Stephen Tashi · Nov 28, 2012

Pi-Bond said:

If I'm not mistaken, the stationary distribution X with transition matrix P is given by

[tex]XP=X[/tex]

Is that correct?

Yes. ( My preference is to multiply a column vector on the left by the matrix, so I would say [itex]TX = X[/itex] where [itex]T[/itex] is the transistion matrix.

A metaphor for teaching Markov chains involves frogs and lily pads. When a frog is on a particular lily pad at time t = n, he has a probability of staying on the pad at time t = n+1 and other probabilities of jumping to various other lily pads at that time. The probabilities depend only on which lily pad the frog is currently sitting. Instead of one frog imagine a hoard of tiny frogs that obey this process. If you begin at time t = 0 by tossing frogs on lily pads at random and let them all hop independently then there the population of frogs on each lily pad might roughly stabilize after a long time. Intuitively, the observed fraction of frogs on each pad would approximate the stationary distribution of the process. The is believable if the lily pads are arranged so a frog on one can eventually hop his way to any other pad, perhaps indirectly. - i.e. we aren't talking about a set of lily pads containing pads from two different ponds.

It may be stretch to apply this metaphor to the Metropolis algorithm, but let's try. In that situation, there is some unknown probability distribution for frogs on pads. This doesn't involve letting them jump. Perhaps someone has created this distribution by placing them on the pads. Furthermore the pond is too large for you to see all the lily pads at once. Your job is to define a set of jump probabilities for each pad so that when the frogs are allowed to jump according to that Markov process, their distribution will approximately preserve the original distribution of the frogs. (i.e. the original distribution of the frogs will be the stationary distribution of the process.) You can count the number of frogs on a given pad P_a and you can count the number of frogs on the pads P_b,P_c,...around it, to which the frogs may jump. But you don't know the total number of frogs in the whole pond. How will you determine a set of jump probabilities involving pad P_a?
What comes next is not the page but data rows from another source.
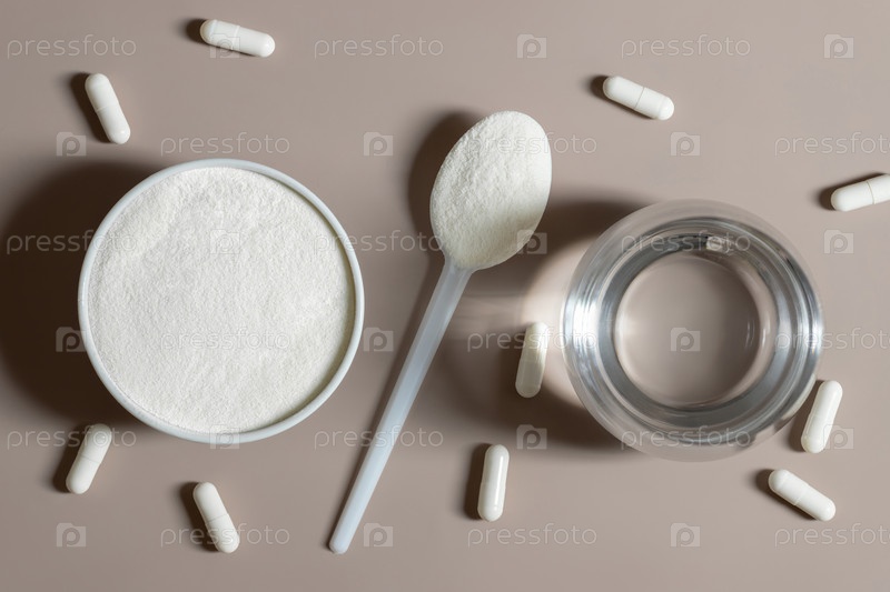 Коллагеновый порошок, таблетки и стакан воды на бежевом фоне крупным планом. Потребление белка. Натуральная здоровая добавка. Вид сверху, плоская планировка
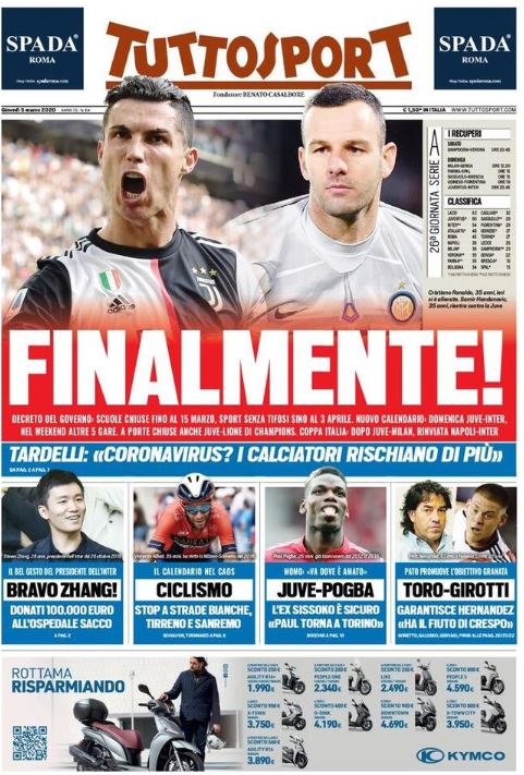 "Sport senza tifosi sino al 3 aprile, Lione-Juve a porte chiuse" sono alcuni dei titoli del quotidiano Tuttosport oggi in edicola. Per un mese i tifosi non potranno andare allo stadio, chiuso lo Stadium per il ritorno coi francesi, intanto rinviata - ieri - la semifinale di Coppa Italia tra Napoli e Inter. In basso il quotidiano parla di Zhang ma anche di Pogba, nome caldissimo per la prossima estate della Juventus.
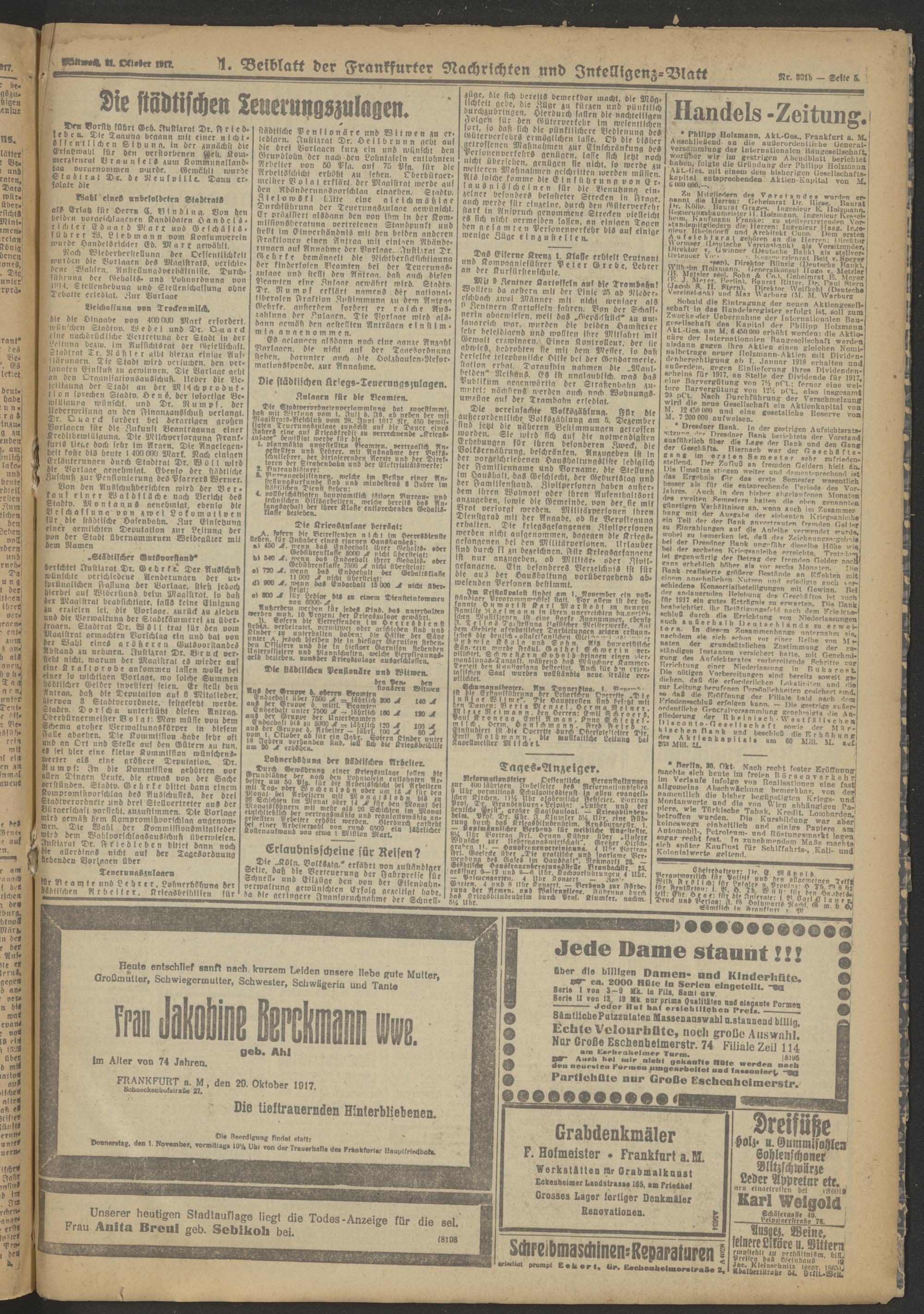 31.10.1917 Morgen-Ausgabe = Nr. 301 b
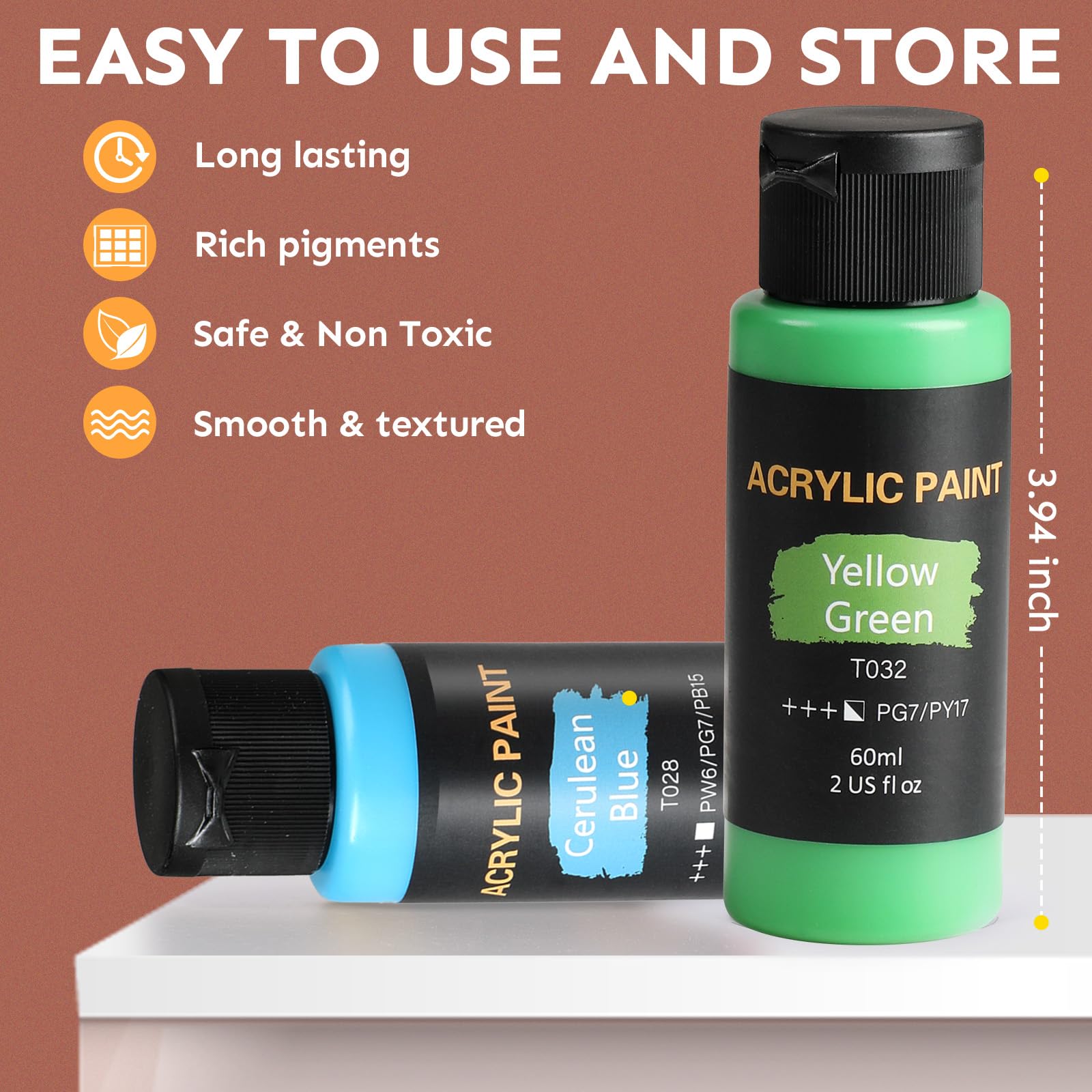 - 24 COLORS PAINT SET WITH 12 BRUSHES -- Our acrylic paint set comes with 48 colors acrylic paint in 60ml/2oz bottles, providing classic colors and inspiring hot fluorescent and metallic colors to your art projects.Easy to use for artists of any age - acrylic paint for professional artists, beginners and students alike.

It may or may be intutitive that you can determine the probabilities by computations using ratios of frogs , such as (number of frogs on pad P_b)/ (number of frogs on pad P_a) without knowing the original distribution of frogs (e.g. not knowing (number of frogs on pad P_b)/ (total number of frogs in the pond) ). If this is intuitive to you then, since you're doing physics, it may be sufficient explanation! If not, we must do some algebra.

Pi-Bond · Nov 28, 2012

Your explanation makes some sense to me, but I think I need more time for it to let it sink. But at the same time I'm looking to understand it more from a mathematical point of view. I'm not sure where the proposal pdf enters the discussion here. Are you saying that the equilibrium distribution of the frogs is equivalent to the distribution we were wanting to explore?
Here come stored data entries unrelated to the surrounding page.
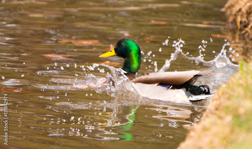 Obraz premium A Duck Landing in a Lake
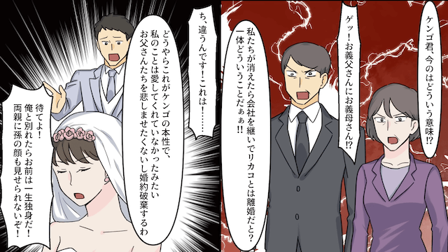 今回は『結婚式に元カノを招待して嫁サゲする夫の話』を紹介します。 元カノとの浮気を認め、主人公の両親の会社を乗っ取るつもりだったと暴露した婚約者。 さらに婚約者は「真面目なふりをして気に入られたら余裕だっての!」と両親をバカにするような発言をして…。
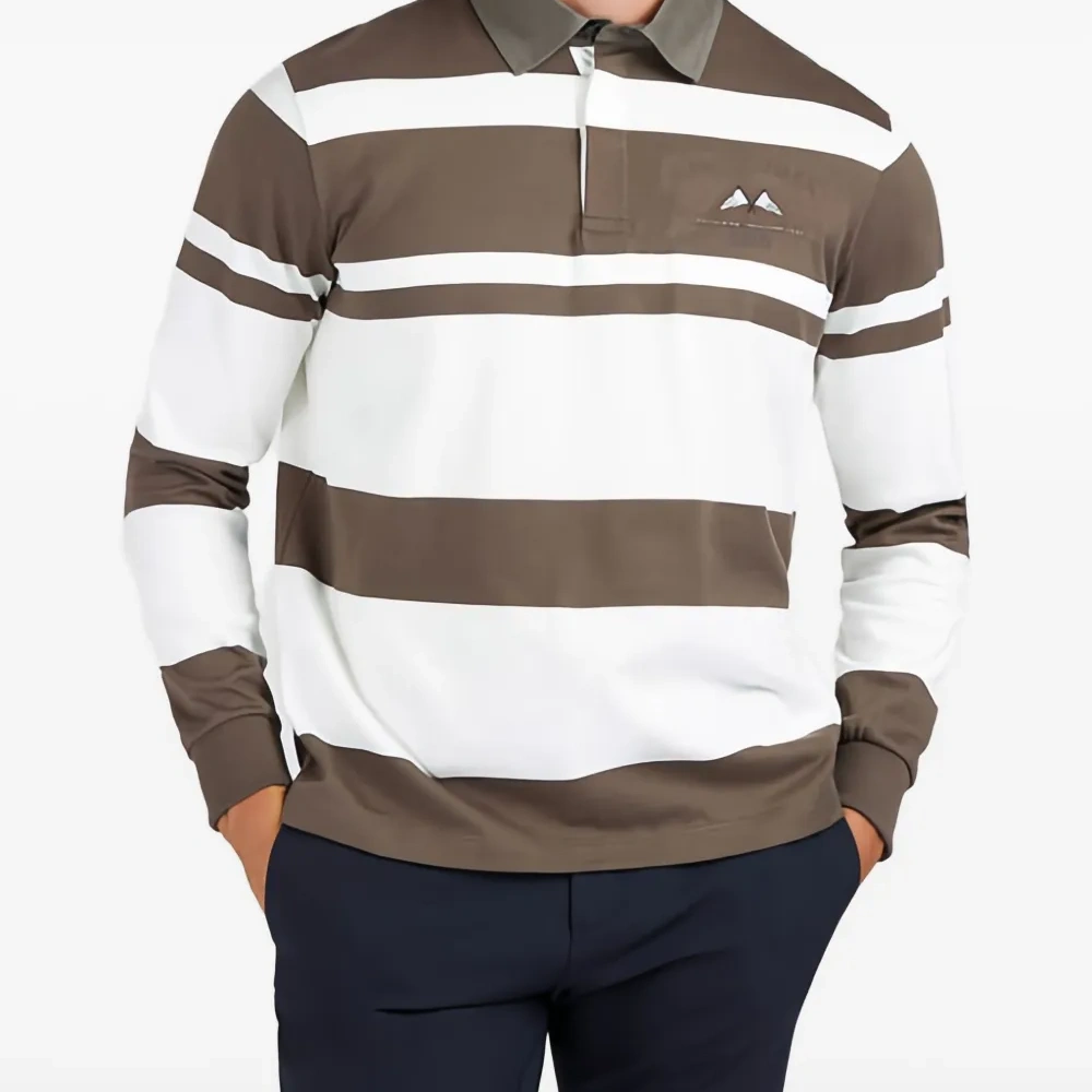 хлопковая футболка-поло с длинными рукавами, горизонтальными полосами в оттенках off-white и коричневого, вышитым логотипом

Stephen Tashi · Nov 28, 2012

Pi-Bond said:

. Are you saying that the equilibrium distribution of the frogs is equivalent to the distribution we were wanting to explore?
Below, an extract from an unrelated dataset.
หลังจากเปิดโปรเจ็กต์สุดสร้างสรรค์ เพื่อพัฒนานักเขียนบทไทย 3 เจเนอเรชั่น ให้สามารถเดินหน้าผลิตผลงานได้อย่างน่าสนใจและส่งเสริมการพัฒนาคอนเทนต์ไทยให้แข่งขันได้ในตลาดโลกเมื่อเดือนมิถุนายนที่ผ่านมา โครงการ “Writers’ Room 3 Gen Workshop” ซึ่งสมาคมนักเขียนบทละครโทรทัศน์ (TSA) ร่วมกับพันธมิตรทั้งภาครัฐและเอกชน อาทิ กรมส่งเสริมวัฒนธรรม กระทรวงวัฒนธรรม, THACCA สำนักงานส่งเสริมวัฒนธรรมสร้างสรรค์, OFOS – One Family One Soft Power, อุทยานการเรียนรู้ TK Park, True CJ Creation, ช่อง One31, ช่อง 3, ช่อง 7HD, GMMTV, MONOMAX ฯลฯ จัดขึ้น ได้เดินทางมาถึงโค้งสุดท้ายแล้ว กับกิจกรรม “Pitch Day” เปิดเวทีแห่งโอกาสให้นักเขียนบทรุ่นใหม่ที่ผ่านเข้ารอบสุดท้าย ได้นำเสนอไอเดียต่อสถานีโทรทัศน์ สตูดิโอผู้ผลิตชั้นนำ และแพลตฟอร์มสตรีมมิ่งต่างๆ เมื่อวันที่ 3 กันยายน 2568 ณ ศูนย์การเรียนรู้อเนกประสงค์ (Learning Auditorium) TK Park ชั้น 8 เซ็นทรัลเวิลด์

Yes. Instead of "explore", I would prefer to say "sample". Intutitively, if you got the pad-to-pad probabilities correct then you could initially toss the frogs on the pads at random and their jumping would eventually distribute them in the equiblibrium distribution. Perhaps we can think of an initial tossing of frogs onto pads as the proposal distribution. So you start with some target distribution of frogs where you can only see the ratios of frogs on adjacent pads. You establish jump probabilities based on these. Then you take all the frogs off the pads and toss them back on the pads at random. If you've gotten the jump probabilities correct, they reach an equilibrium that is the original target distribution.

Pi-Bond · Nov 29, 2012

I'm having some trouble thinking to this analogy in terms of a 1D problem. At each step we are just jumping to another point based on a ratio. In this analogy is there just one frog?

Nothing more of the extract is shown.